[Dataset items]

--- --- ---

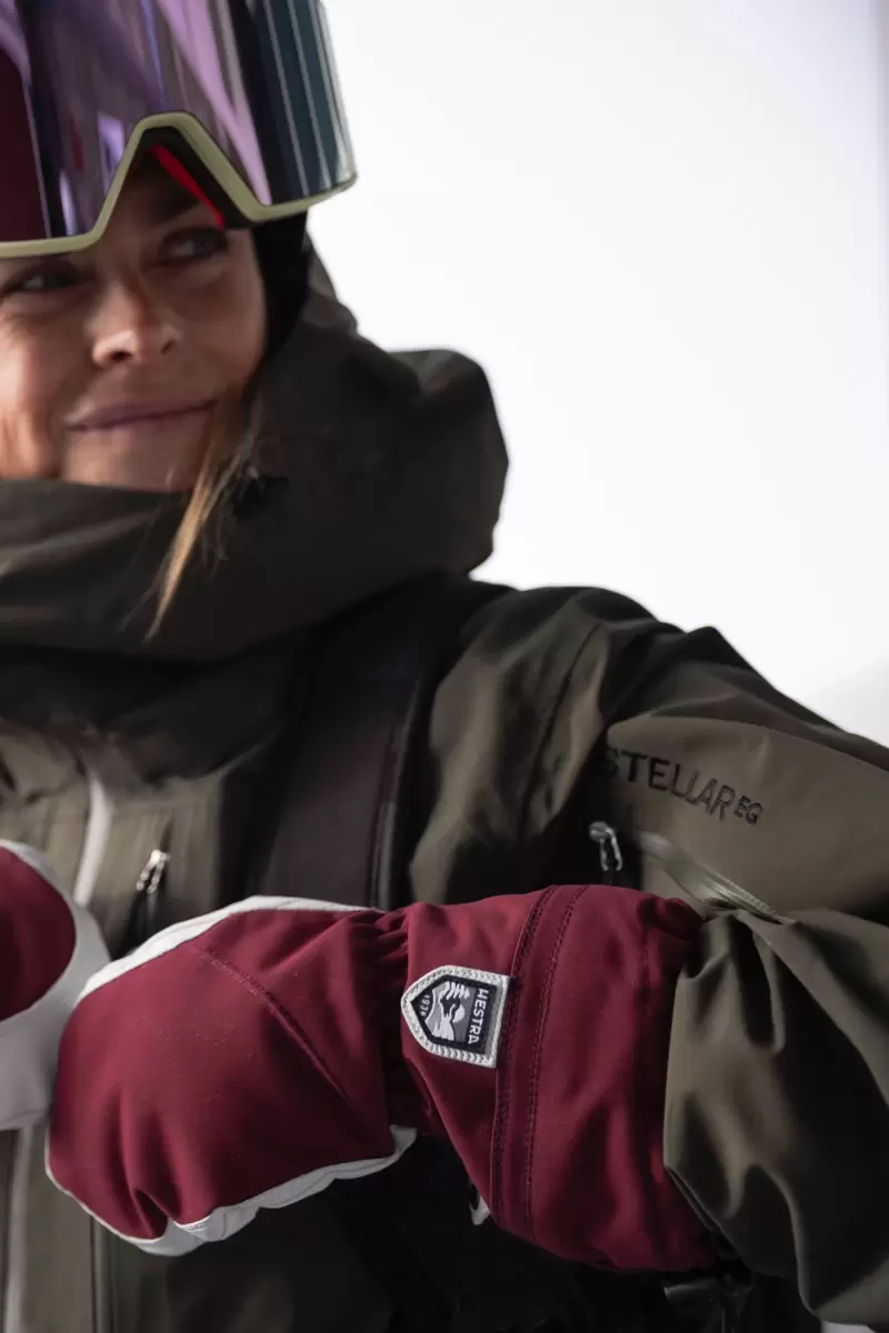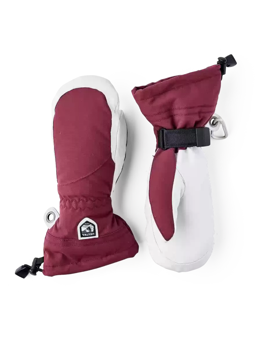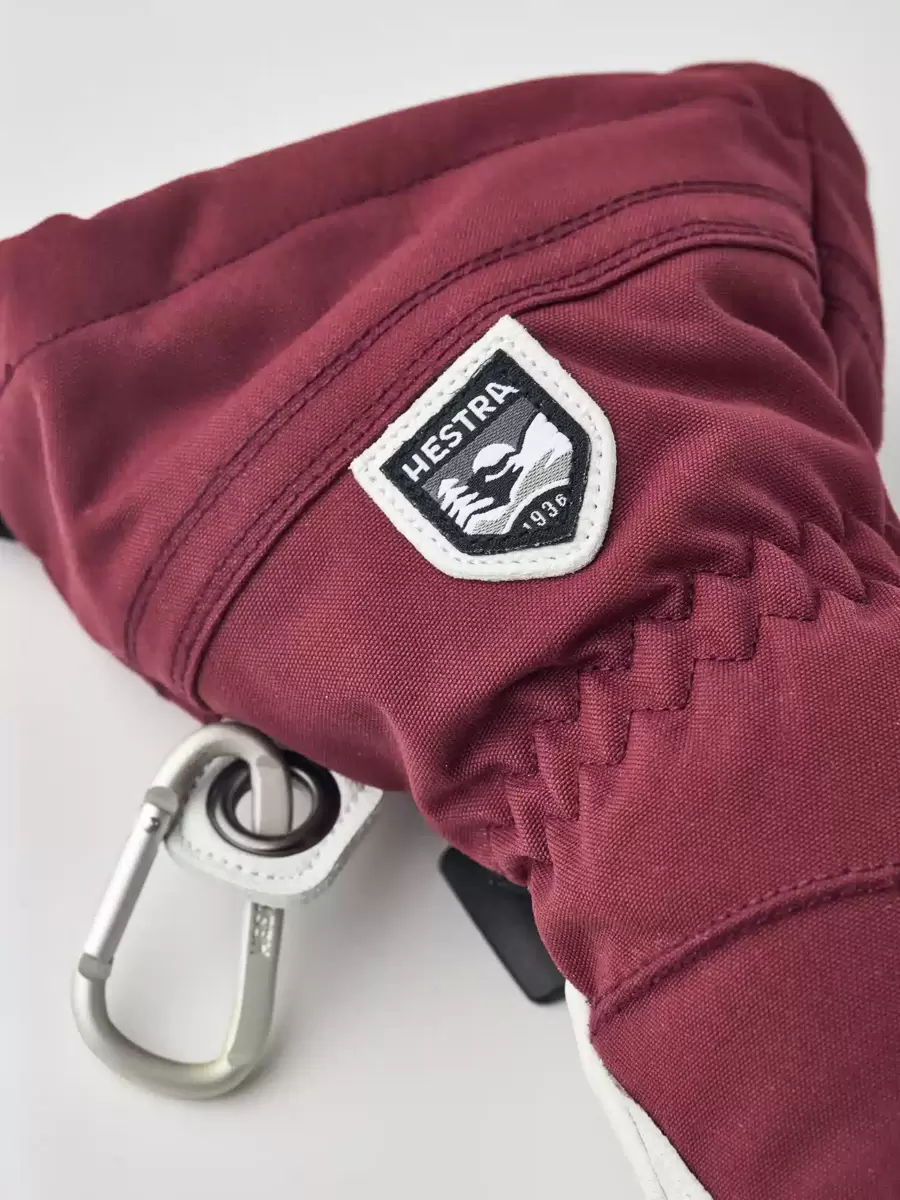 Hestras Army Leather Heli Ski blev oprindeligt skabt til skipiders i det vestlige Canada, der havde brug for en pålidelig og varm skihandske til lange, kolde dage i sneen. Denne damevante har et smallere snit, der passer til kvinders smallere hænder. Ligesom alle vanteversioner giver den masser af plads til fingrene, hvilket gør den varmere end den tilsvarende handske. Yderhandsken er syet i en slidstærk, vejrbestandig kombination af gedeskind og 3-lags polyamidstof. En række smarte funktioner er praktiske, når du ikke kan gå indendørs for at varme dig op så ofte. For eksempel er foret nemt at fjerne og tørre eller udskifte med en tyndere inderhandske, når du er mere aktiv og vandrer op ad bakke. I puddersne holder den lange manchet med snelås og håndledsjustering sneen på ydersiden og varmen på indersiden. En håndledsrem reducerer risikoen for at tabe en handske, hvis du tager den af ​​for at justere dit udstyr eller bruge din telefon. Og den medfølgende karabinhage betyder, at du kan hænge handsken op med åbningen nedad – praktisk, når du kun har et tyndere for på og vil undgå, at dine handsker fyldes med sne. En slidstærk og fleksibel ledsager til skiløbere, der bruger meget tid udendørs, og som ofte befinder sig langt fra skisportsstedet og dets komfort. Fås også i 3-finger og 5-finger modeller.
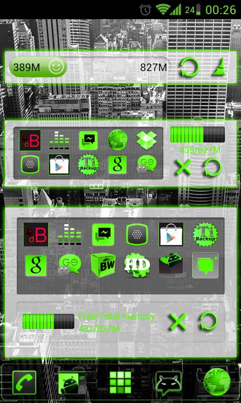 This version of GOWidget Green ICS Light Free Android App comes with one universal variant which will work on all the Android devices.
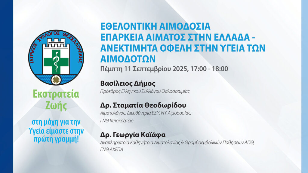 Εθελοντική αιμοδοσία- επάρκεια αίματος στην Ελλάδα 11/9/25
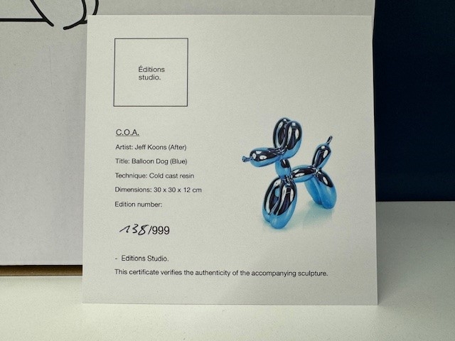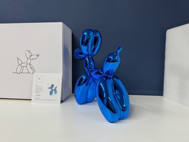 Balloon Dog in 'BLUE'. Originele verpakking en certificaat aanwezig. Na de release binnen enkele minuten uitverkocht! Dit is de eerste zeldzame uitgave gelimiteerd op 999 stuks wereldwijd. Dit is nr. 138. Zeer solide en interessante investering. Zorgvuldige, snelle en verzekerde verzending. Meer info: Jeffrey Jeff Koons (geboren 21 januari 1955) is een Amerikaanse kunstenaar wiens werk wordt gedomineerd door de themas banaliteit en verleiding. Hij woont en werkt in zowel New York City en zijn woonplaats York, Pennsylvania. Jeff Koons is zonder twijfel een van de belangrijkste levende kunstenaars en zijn werk is opgenomen in de meest vooraanstaande hedendaagse (museum) collecties ter wereld. Koons zijn verdienste ligt in het verwerken van kitscherige elementen in Kunst met de grote K, waardoor zijn werk, in één adem met dat van Andy Warhol, postmodernistisch wordt genoemd. Koons werk vertoont overeenkomsten met Pop Art, in zoverre dat hij elementen uit lagere kunst haalt en deze verwerkt in hogere kunst. Zijn werk wordt tot de categorie Neo Pop Art gerekend waarbij men in het geval van Koons spreekt van überkitsch: kitsch die zo sterk wordt aangezet, dat die niet meer te genieten is en juist daaraan zijn kunstzinnigheid ontleent. De werken van Koons worden verkocht voor astronomische bedragen, zo werd in 2013 tijdens een hedendaagse kunstveiling bij Christies in New York Koonss Balloon Dog Orange verkocht voor ruim 58 miljoen dollar, het duurste werk ooit voor een nog levende kunstenaar. Van de Balloon Dog heeft Jeff Koons een aantal gelimiteerde reproducties vervaardigd welke bij Kunsthuizen verkrijgbaar zijn.
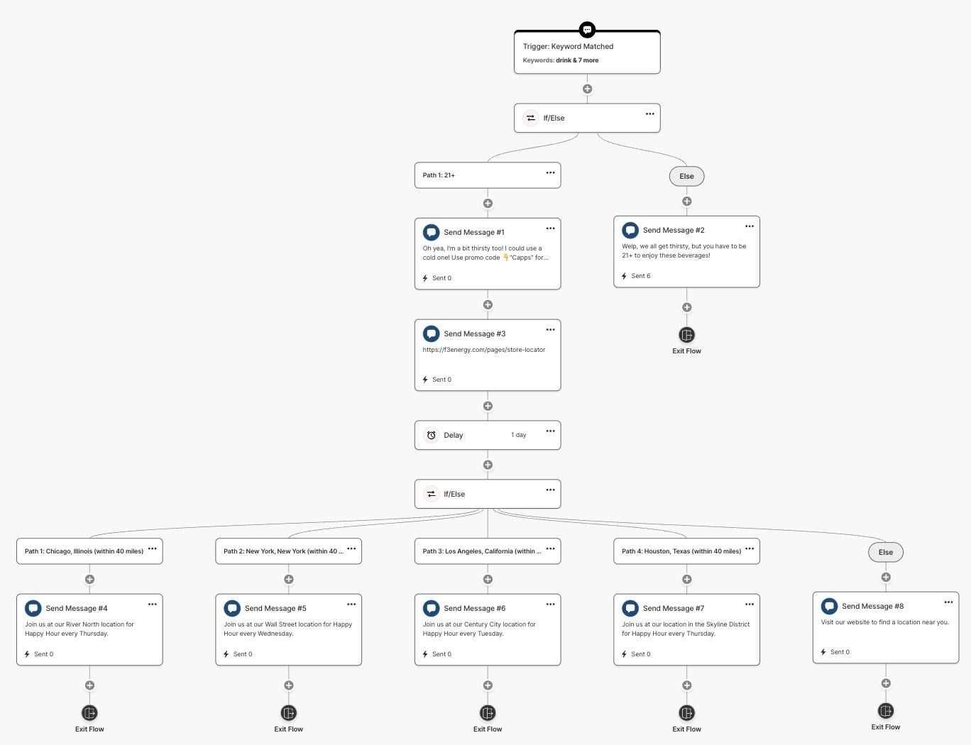 You can layer if/else logic into any level of your flows. In the same flow above, after you decide who is 21, you can then use if/else branching logic to give them specific messages if they live in Chicago, Los Angeles, New York or Houston. Think of it as a decision tree: members will be routed down different paths, with different messages, depending on who they are, what they like, demographics, etc. This makes your automated Flows smarter, more dynamic, and more personalized without adding complexity.
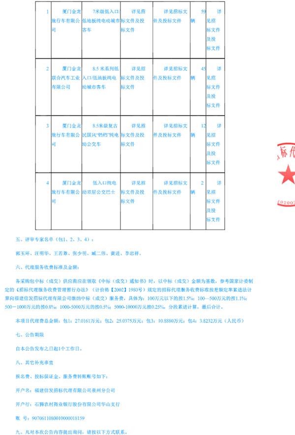 福建省晋江公交118辆新能源公交车采购项目结果公告(合同包1、2、3、4)
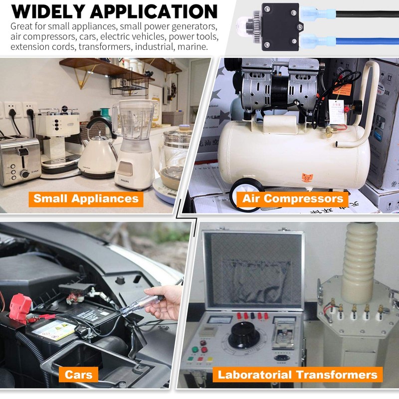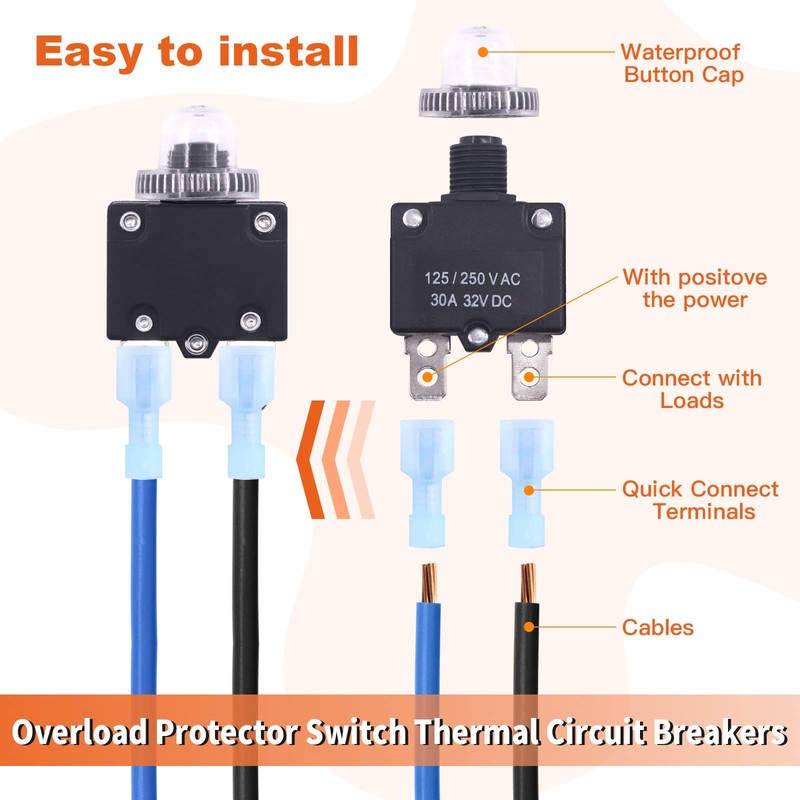 • 【Equipped with Practical Accessories】Our circuit breaker with a waterproof button cap to protect provide high-strength circuit protection in bad weather, extending the service time. Coming with quick terminal for connection of the wires, ONE step to use.
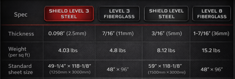Although steel is denser than fiberglass, bulletproof steel is lighter than ballistic fiberglass at equivalent protection levels. Our UL level 3 bulletproof steel is 17% lighter than comparable fiberglass and our UL level 7/8 bulletproof steel is 47% lighter than fiberglass.
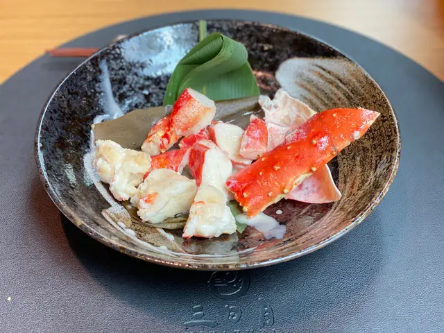 師傅將昆布焗熟鱈場蟹,香煎後脫殼上碟。蟹肉口感結實,入口啖啖肉,味道偏淡。
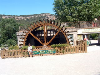 バスは文字通り細い田舎道をひた走ります。山あいに入り、フォンテーヌ・ド・ヴォークリューズに着きます。この谷川に沿った小さな村はとても素敵なところです。清冽な流れのほとりに、いかにも田舎然とした家々がならんでいます。ルネサンスの昔、トスカーナの詩人ペトラルカが訪れ愛したという素晴らしい景勝地で、オカブは今回の旅行でここが一番気に入りました。町の広場で解説を受け、川上に向かいます。流れの美しいことは画像でご覧の通り。曇っていた天気も心地よく晴れ渡って、気分も上々に南フランスの雰囲気を満喫します。ムーラン・パピエと名前のついた水車がありました。Kさんに聞いてみると、案の定、昔ここで紙を作っていたそうです。
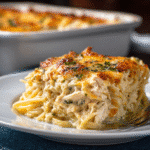 A spicy Southern chicken spaghetti casserole that’s creamy, cheesy, and full of flavor. With tender chicken, spicy seasoning, and a cheesy topping, it’s a comforting meal that packs a punch.
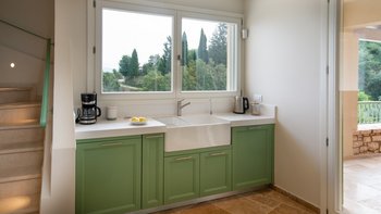 Diese Villa ist ideal für das Leben im Freien und bietet mehrere Sitzgelegenheiten im Freien, darunter einen Esstisch im Freien mit Kühlschrank, Pizzaofen und eingebautem Grill. Es gibt auch eine Yoga-Terrasse mit Yogamatten, Badmintonplatz, Tischtennis, Basketballnetz und Bouleplatz. Des Widerstands ist der unglaubliche 25-Meter-Pool, der vom Hauptpool getrennt ist und sich ideal zum Schwimmen eignet. Deren Anwesen befindet sich in einer fantastischen Lage. Es ist nur eine kurze Fahrt von Kouloura mit einem schönen Strand und einer Taverne und von Kalami mit einer großen Auswahl an Restaurants, kleinen Geschäften und einem Strand entfernt. Denen Gäste können auch nach Sinies laufen, das 1 km entfernt ist und einen Supermarkt und ein Café umfasst.
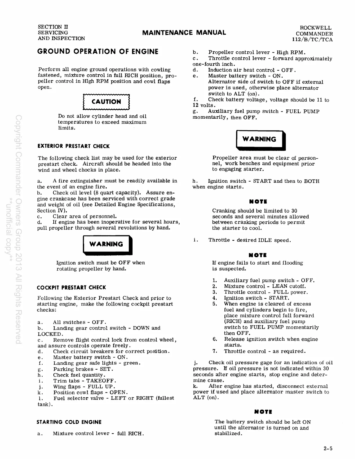 Rockwell Commander 112 - GROUND OPERATION OF ENGINE
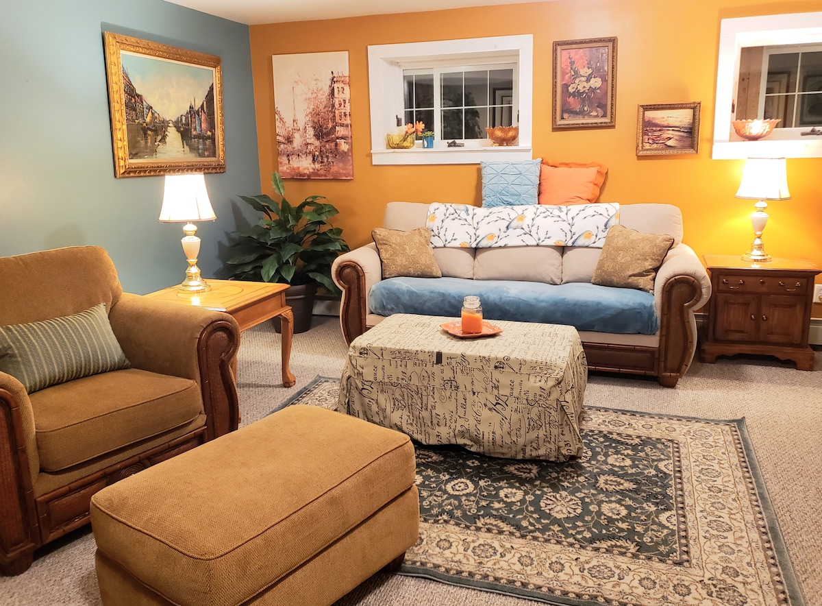 We are located in a secluded rural wooded setting centrally located between Bucknell University in Lewisburg and Susquehanna University in Selinsgrove. Offering a 1-bedroom apartment/in-law suite attached to our home with a private entrance. The suite is a spacious 75 sq. ft. with enough space for a small-family or a couple. Sleeping accommodations include a queen bed and a pull out sofa . Most comfortable for a couple or 2 adults and 2 children.

--- --- ---

DESCRIPTION OF THE TASK: What belongs in the answer is each line above from the line with "You can layer" to the line with "バスは文字通り細い田舎道をひ", inclusive, reproduced exactly and free of pictures.

COMPLETED TASK:
 You can layer if/else logic into any level of your flows. In the same flow above, after you decide who is 21, you can then use if/else branching logic to give them specific messages if they live in Chicago, Los Angeles, New York or Houston. Think of it as a decision tree: members will be routed down different paths, with different messages, depending on who they are, what they like, demographics, etc. This makes your automated Flows smarter, more dynamic, and more personalized without adding complexity.
 福建省晋江公交118辆新能源公交车采购项目结果公告(合同包1、2、3、4)
 • 【Equipped with Practical Accessories】Our circuit breaker with a waterproof button cap to protect provide high-strength circuit protection in bad weather, extending the service time. Coming with quick terminal for connection of the wires, ONE step to use.
Although steel is denser than fiberglass, bulletproof steel is lighter than ballistic fiberglass at equivalent protection levels. Our UL level 3 bulletproof steel is 17% lighter than comparable fiberglass and our UL level 7/8 bulletproof steel is 47% lighter than fiberglass.
 師傅將昆布焗熟鱈場蟹,香煎後脫殼上碟。蟹肉口感結實,入口啖啖肉,味道偏淡。
 バスは文字通り細い田舎道をひた走ります。山あいに入り、フォンテーヌ・ド・ヴォークリューズに着きます。この谷川に沿った小さな村はとても素敵なところです。清冽な流れのほとりに、いかにも田舎然とした家々がならんでいます。ルネサンスの昔、トスカーナの詩人ペトラルカが訪れ愛したという素晴らしい景勝地で、オカブは今回の旅行でここが一番気に入りました。町の広場で解説を受け、川上に向かいます。流れの美しいことは画像でご覧の通り。曇っていた天気も心地よく晴れ渡って、気分も上々に南フランスの雰囲気を満喫します。ムーラン・パピエと名前のついた水車がありました。Kさんに聞いてみると、案の定、昔ここで紙を作っていたそうです。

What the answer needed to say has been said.